Ironically, the place I’ve needed to be the last couple of weeks is in my bat cave (i.e. writing cave), but I only just got one of those this weekend. My writer cave has been the local cafe for the past several months because, though I have a laptop and technically can work anywhere, curled up on the couch under a blanket is surprisingly not productive (in case you’ve never done it, it often leads to long leisurely naps – especially when one has the luxury of staying in pajamas all day). So you can see why a bat cave was essential for my career.

So this weekend, hubby and I cleaned out a room, took a trip to Ikea, and made me a bat cave!

Since I’m a completely unorganized mess (which makes me interesting, right?), plus I have nothing better to write about, I thought I’d share my new bat cave with you.

With each picture, you will see evidence of productivity and inspiration. Well, it may not be obvious to you, but I’ll be sure to point it out.

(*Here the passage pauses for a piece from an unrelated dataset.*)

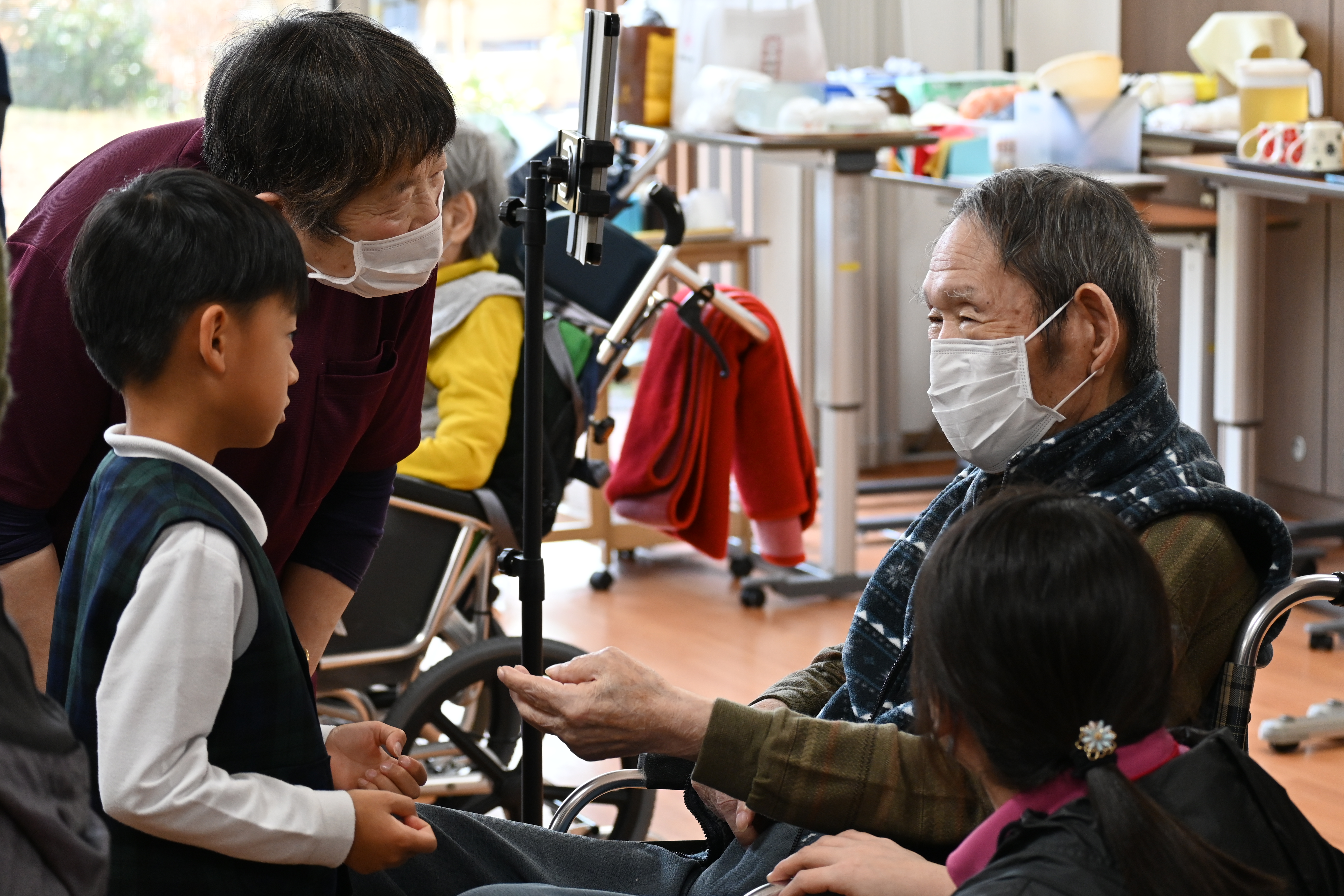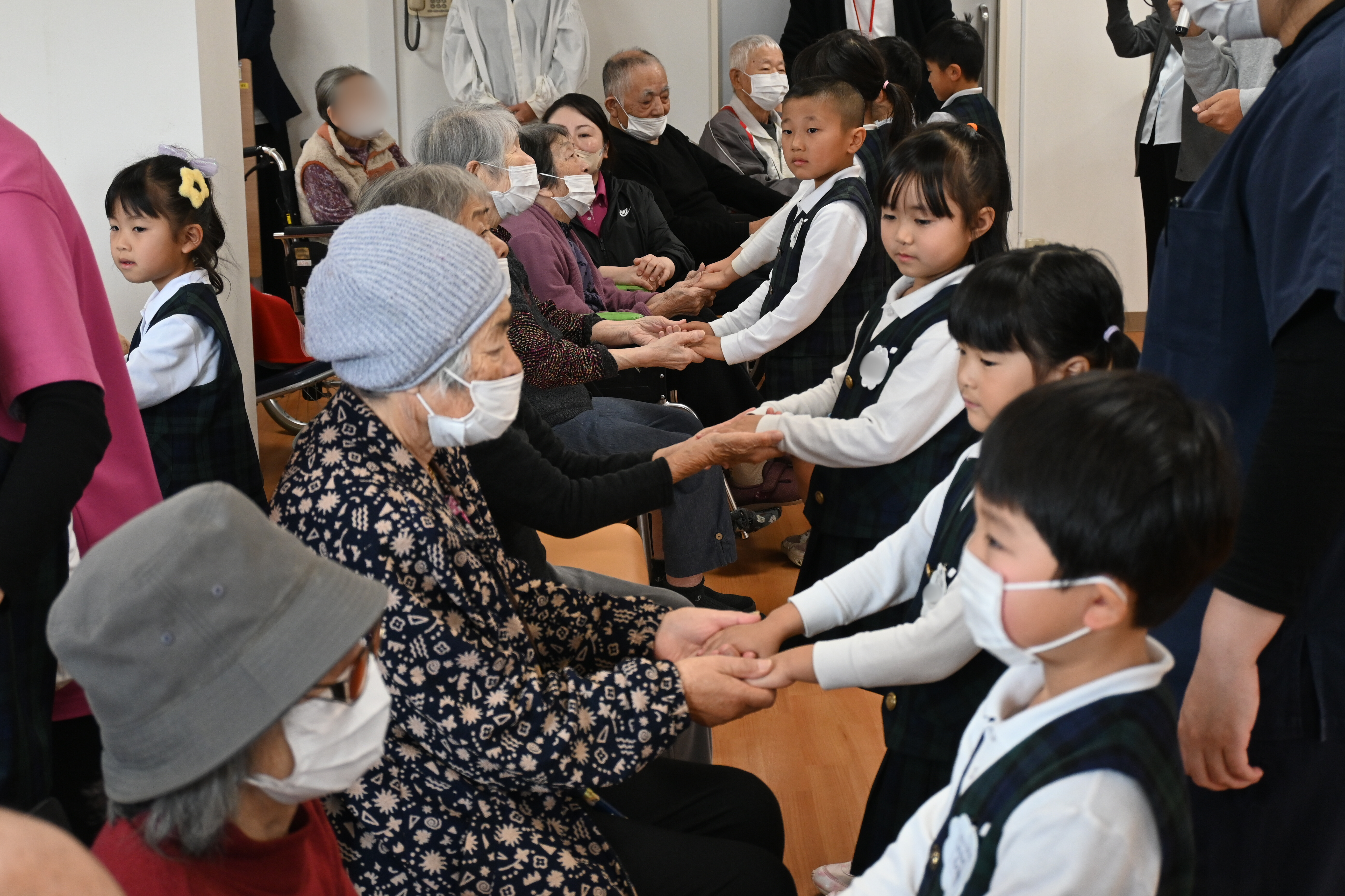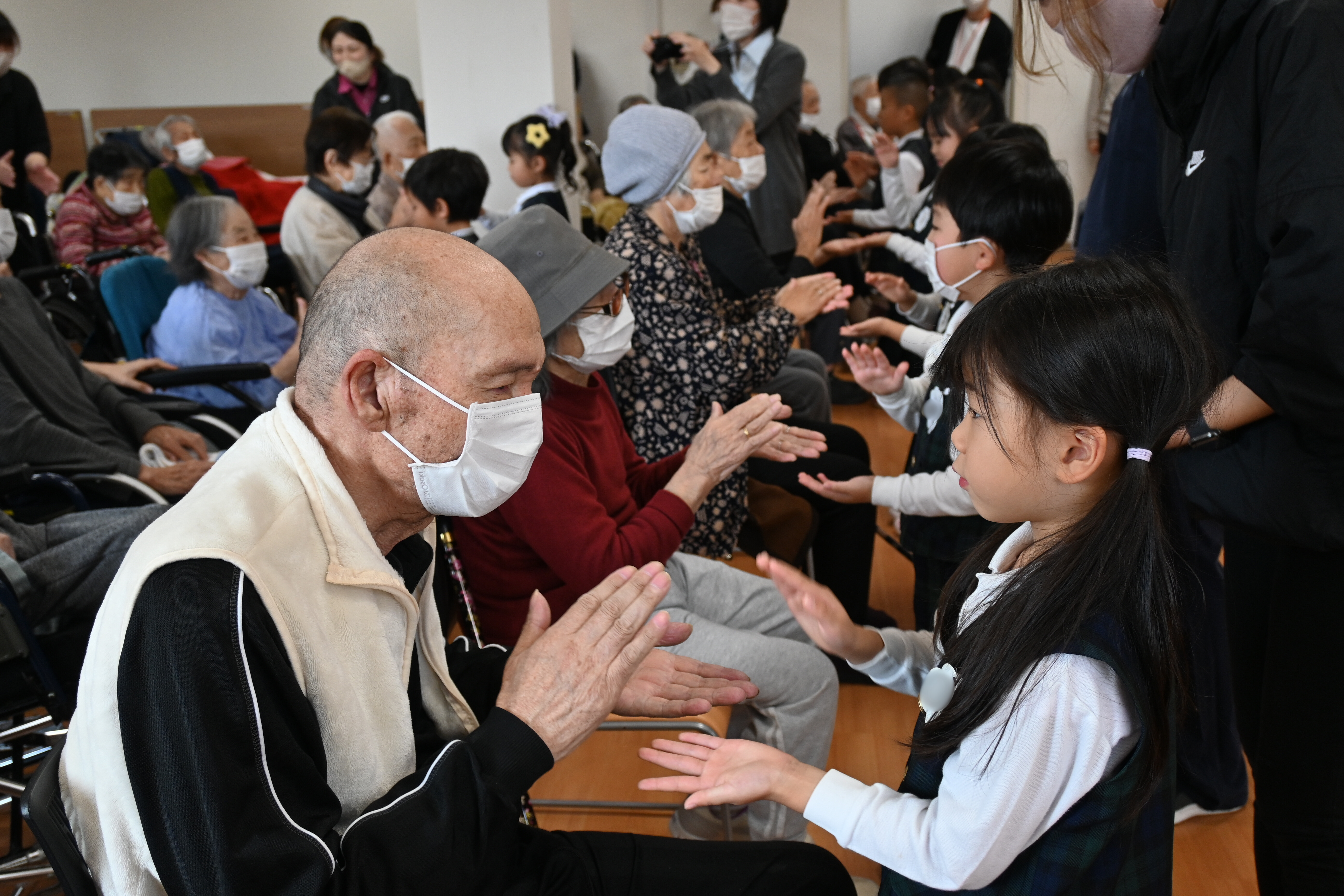 子供たちと接する時のご入所者様の優しい眼差しと表情が印象的でした。

So here is my desk. In a moment, we’ll take a look a closer look at its contents so you can see how a disorganized bat cave is formed. But first, take special notice of the color scheme. It’s hard to tell in the photo but the desk is actually quite purple. I initially picked out a very sophisticated dark serious-looking desk that I figured would inspire me to buckle down and be all serious-like. Then I grabbed some hot pink accents to give it some personality. But near the check-out, we saw the scratch and dent section and found this purple sucker for only $50. And because I’m cheap and lazy, I took that one instead and didn’t go back to change my accent colors. Therefore, I’m left with a hot pink and pale purple office. I’m thinking about painting the walls lime green and just going all out with it. What do you think?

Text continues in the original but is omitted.